Thrashing the Q-word


WHEN George Bush launched his heavy ammo against the buzzword "quotas" in the civil rights bill, clearly he struck the rawest political nerve since the Willie Horton ads of 1988.

Each time Bush angrily lambasted the Q-word in a speech, he dredged up Americans' hidden fears about race and reverse discrimination.

Republican media gurus are already dreaming up 30-second ads they'll feature in the 1992 Bush/Quayle campaign.

But Bush is discovering that politicians who play with race are as dangerous as Third World crackpots toying with nuclear bombs. You never know when the device will blow up your friends.

Bush's jiving around with quota dynamite has smashed cracks in the smooth facade of Washington's most admired institution, the Federal Bureau of Investigation.

Now, thanks partly to Bush's quota demagoguery, white FBI agents' discontent with the hiring and promotions of blacks, women and Hispanic agents has exploded into a public furor.

And while quotas may be Bush's political winner, he's detonated a hand grenade under his FBI director, a cool-mannered ex-federal judge, William Sessions.

When Sessions took over the FBI 3 1/2 years ago, the agency was like the Washington Monument -- huge, venerated and almost all-white. It wasn't always practical to work undercover when every FBI agent was a short-haired white guy in wingtips.

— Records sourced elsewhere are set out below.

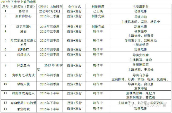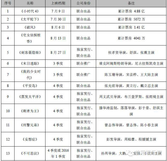 华谊兄弟2015下半年片单
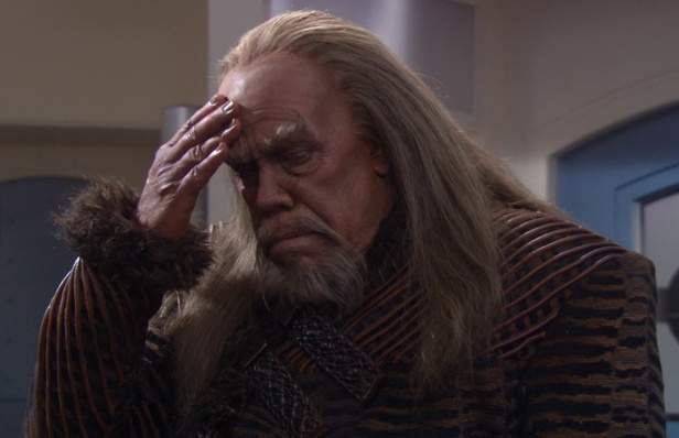 Enterprise, several years later, took this idea and ran with it, crafting an intricate (and pretty dumb) multi-epiosde arc that introduced the Klingon-Augment virus: a genetically-engineered creation that infected Klingons with human DNA, physically changing their appearances. In the writers’ minds, this “closed a plot hole,” but I would argue very strongly that it was one that never needed to be closed. Even if it did, and even if we desperately want to find a way to acknowledge the change in makeup used for the Klingons with an in-universe explanation… I just found this particular story to be convoluted and weak.
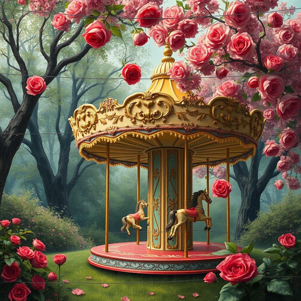 This vibrant, hyper-realistic painting depicts a surreal carousel set amidst lush greenery and towering trees, adorned with sparkling fairy lights and soft, velvety red and pink roses that fall gently from the sky. Inspired by the opulent world of classical opera, with a touch of drama and fantasy.

Sessions aggressively sought minorities to wipe out a legacy of discrimination from Hoover's era. It worked, sort of -- 90 percent of the FBI's 10,000 agents are white males, 480 are black, 560 Hispanic and more than 1,000 women.

Then on May 30, Bush made a quota-bashing speech to the class of of FBI special agents at the FBI National Academy in Quantico, Va. He blasted the civil-rights crowd in Congress for spreading racial wildfire.

"They want to pass a bill that would lead employers to adopt racial quotas and hiring practices," harangued Bush. "Well, frankly this is hardly the road to racial harmony. It's the road to lawsuits and discord."

Bush's anti-quota fusillade hit a bull's-eye with white FBI agents who were privately seething at Sessions' "rainbow" hiring practices.

The local newsletter of the FBI Agents Association wrote, "President Bush and his administration may be the most important opponents of the bureau's hiring preferences and 'goals.'"

L Translation: Racial resentment has a pal in the Oval Office.

Here's the irony of the Pandora's Box that Bush has opened -- the quotas and "race-norming" he rages against for private employees are accepted practice in the FBI and perhaps other federal outposts.

Thus, blacks, other minorities and women pass the FBI hiring tests when they score 31.4 out of a possible 45; white male recruits must score at least 34 points. Sessions is proud of the FBI's "diversity." But one agent says flatly, "It's a quota system that runs counter to everything Bush has been saying."

In truth, FBI agents of both races aren't so much irked by the hiring gimmicks as by the "old boy network" that promotes favorites. A survey of 3,000 FBI agents found 69 percent didn't think "the bureau promotes the best people."

Agents call it "The Hook" -- a superior hooking a buddy up the career ladder. "The hook is alive and well at the FBI," groused one agent. That's the real source of white FBI agents' revolt -- fear that Sessions will build in promotions of blacks and women.

Sessions -- everybody calls him "The Judge" -- is in a tight jam: Caught between a white agents' rebellion and a potential class-action suit by black agents if he doesn't shake up the promotion system.

And his boss in the White House has helped stir the FBI's white-black dilemma into a public storm.

But in a way, the FBI's racial quandary is a paradigm of the quota argument. Sure, in the best of possible worlds, agents would be hired and promoted on color-blind merit alone. But in the real world, is it worthwhile to give some women, blacks and Hispanics a boost so that the FBI will be as diverse as the American public it represents?

That's a complex question you won't hear discussed in any 30-second TV blunderbuss.

Sandy Grady is a columnist for the Philadelphia Daily News.